Supported Spark Configurations#

This document tracks Spark SQL configurations that affect Comet’s behavior. For each configuration we record which Comet expressions or operators are influenced, what verification has been performed, and any known gaps.

How to Read This Document#

The status column uses these values:

  • Supported – Comet runs the affected expressions natively under every value of the config, and produces results matching Spark.

  • Partial – Comet runs natively for some values of the config but falls back to Spark for others, or runs natively but with documented incompatibilities.

  • Falls back – Comet does not run the affected expressions natively under this config and always defers to Spark.

  • Unaudited – the config’s interaction with Comet has not yet been verified.

Audited Configurations#

  • spark.sql.legacy.timeParserPolicy

    • Default: EXCEPTION

    • Status: Falls back (see notes)

    • Affected expressions: date_format, from_unixtime, unix_timestamp, to_unix_timestamp, to_timestamp, to_timestamp_ntz, to_date, try_to_timestamp (Spark 4+)

    • Spark versions checked: 3.4.3, 3.5.8, 4.0.1

    • Date: 2026-05-02

Audit Notes#

spark.sql.legacy.timeParserPolicy#

Source. SQLConf.LEGACY_TIME_PARSER_POLICY selects the formatter used by TimestampFormatter and DateFormatter:

  • LEGACYjava.text.SimpleDateFormat / FastDateFormat. Lenient parsing.

  • CORRECTEDjava.time.DateTimeFormatter via Iso8601TimestampFormatter. Strict.

  • EXCEPTION (default) – same parser as CORRECTED, plus DateTimeFormatterHelper.checkParsedDiff raises SparkUpgradeException (INCONSISTENT_BEHAVIOR_CROSS_VERSION) when the new parser fails on input that the legacy parser would have accepted. Pattern validation also raises SparkUpgradeException when a pattern is recognized only by the legacy formatter (this check applies under both CORRECTED and EXCEPTION).

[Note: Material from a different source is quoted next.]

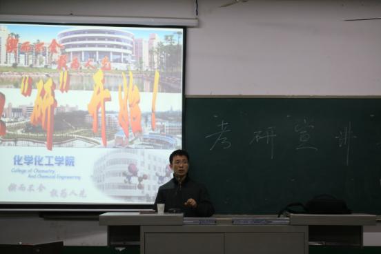 2017年12月5日晚上7点,化学化工公司于四教402召开生物工程考研宣讲会,主讲人为张儒博士,生物工程专业15级准备考研的员工参加了本次宣讲会。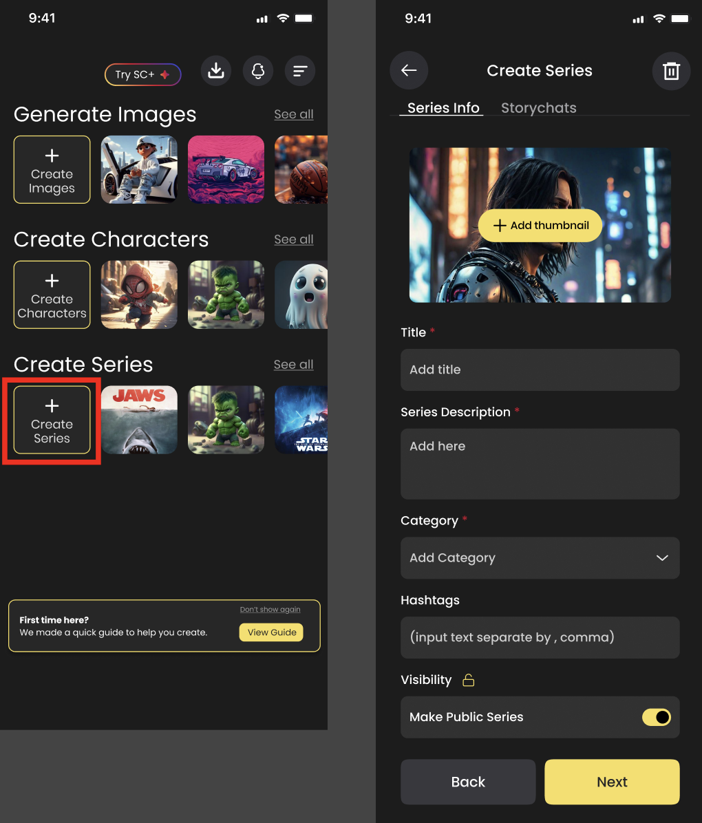 Go to Create → tap Create Series.

Affected expressions. Determined by tracing TimestampFormatterHelper, TimestampFormatter(...), and DateFormatter(...) usage in sql/catalyst/src/main/scala/org/apache/spark/sql/catalyst/expressions/datetimeExpressions.scala across Spark 3.4, 3.5, 4.0, and 4.1. Three expression classes mix in TimestampFormatterHelper:

  • DateFormatClassdate_format

  • FromUnixTimefrom_unixtime

  • ToTimestamp (abstract) – UnixTimestamp (unix_timestamp), ToUnixTimestamp (to_unix_timestamp), GetTimestamp (used by ParseToTimestamp for to_timestamp / to_timestamp_ntz, ParseToDate for to_date, and Spark 4’s try_to_timestamp)

Cast between strings and date / timestamp also reads the policy via the default formatters but is tested separately by CometCastSuite and is out of scope here.

Comet status. None of the listed expressions consult legacyTimeParserPolicy in their Comet serde. The native implementations of date_format, from_unixtime, and unix_timestamp use a fixed strftime-style mapping that does not vary with policy; the remaining four (to_unix_timestamp, to_timestamp, to_date, try_to_timestamp) have no native implementation and fall back to Spark. Today this works because:

  • date_format is Compatible only for a small whitelist of formats under UTC; the whitelisted formats happen to produce identical output under all three policies.

  • from_unixtime is marked Incompatible and falls back unless spark.comet.expression.FromUnixTime.allowIncompatible=true is set.

  • unix_timestamp(<timestamp_or_date>) does not call the formatter at all; the string-input overload falls back.

If a Comet contributor adds native string-format parsing or extends the date_format whitelist, this audit should be revisited and the policy must be honored explicitly.

Test coverage. spark/src/test/resources/sql-tests/expressions/datetime/:

  • One ConfigMatrix file per expression covering convergent inputs under LEGACY,CORRECTED,EXCEPTION (*_time_parser_policy.sql).

  • Per-policy files locking in divergent behavior:

    • _legacy.sql – lenient inputs (single-digit fields, out-of-range values, trailing characters) and legacy-only pattern tokens ('aaaa').

    • _corrected.sql – the same inputs return null; legacy-only tokens raise INCONSISTENT_BEHAVIOR_CROSS_VERSION.DATETIME_PATTERN_RECOGNITION at formatter creation.

    • _exception.sql – the same inputs raise INCONSISTENT_BEHAVIOR_CROSS_VERSION.PARSE_DATETIME_BY_NEW_PARSER at parse time.

Findings. All 42 generated test cases pass on Spark 3.4.3, 3.5.8, and 4.0.1. No Comet bugs were uncovered by the audit. The tests use query spark_answer_only so that result-correctness is enforced regardless of whether Comet runs the expression natively or falls back.